When virtual reality became a real product we could have in our homes, the platform promised the potential of lush, engaging, and fully realized worlds. We’re still working toward that future, but while we’re waiting, Beat Saber offers one of virtual reality’s best experiences. It doesn’t create a new world to explore; instead Beat Saber focuses on placing you in a song and giving you the tools to participate in its rhythms in ways that traditional music games can’t.
In Beat Saber you use two light swords (one blue and one red), and you swing them using Move controllers. Red and blue blocks fly toward you, indicating which saber you should use to hit them. Along with being color coded, the blocks also have arrows dictating the direction of your chop. A blue block flying at you on your right with an arrow pointing north requires you to attack it from the bottom swiping upward. A red block coming from the left with an westward pointing arrow requires you to swipe through it from right to left. These blocks fly at you in time with the music booming in your ears, and when you find the rhythm and take down each block, you feel like you’re conducting a violent symphony. It’s beautiful.
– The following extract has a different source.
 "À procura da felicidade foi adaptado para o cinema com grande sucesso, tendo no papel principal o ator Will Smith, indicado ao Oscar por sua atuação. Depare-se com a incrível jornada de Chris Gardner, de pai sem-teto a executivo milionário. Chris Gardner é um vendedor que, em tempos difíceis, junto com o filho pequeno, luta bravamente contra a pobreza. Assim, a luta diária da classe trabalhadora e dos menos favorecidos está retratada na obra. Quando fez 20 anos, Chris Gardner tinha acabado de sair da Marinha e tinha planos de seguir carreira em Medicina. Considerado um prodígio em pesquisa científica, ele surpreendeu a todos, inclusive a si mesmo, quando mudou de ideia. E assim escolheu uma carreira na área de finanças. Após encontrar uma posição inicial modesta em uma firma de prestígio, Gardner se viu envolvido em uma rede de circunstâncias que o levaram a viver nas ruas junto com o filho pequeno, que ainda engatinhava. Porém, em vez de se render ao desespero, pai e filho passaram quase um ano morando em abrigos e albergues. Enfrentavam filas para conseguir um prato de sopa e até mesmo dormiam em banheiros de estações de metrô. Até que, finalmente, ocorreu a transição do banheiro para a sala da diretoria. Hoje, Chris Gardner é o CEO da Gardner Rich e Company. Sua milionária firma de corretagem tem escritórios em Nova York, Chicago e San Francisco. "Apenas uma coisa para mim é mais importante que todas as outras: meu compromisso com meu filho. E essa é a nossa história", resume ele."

A clinical description of how the gameplay works really doesn’t do it justice. Wielding lightsabers to destroy blocks as the music and light show fully envelops you lets you focus on the task at hand with extreme precision. The music and visuals fully take over your peripherals, engrossing you and making you feel the music. It wasn’t long before I was slashing blocks based purely on the rhythm, embracing the choreography of each song and focusing less on the arrows on the blocks. It makes the experience a fantastic showcase for the platform and genuinely feels like something that wouldn’t work outside of a headset.
With driving beats and dance-worthy intensity, every song is enjoyable and perfect for the style of gameplay Beat Saber offers. However, compared to other rhythm and music games, the diversity isn’t there. The original soundtrack (no licensed songs here) stays rooted in techno-centric beats, and there are only 16 so you end up playing the same songs a lot.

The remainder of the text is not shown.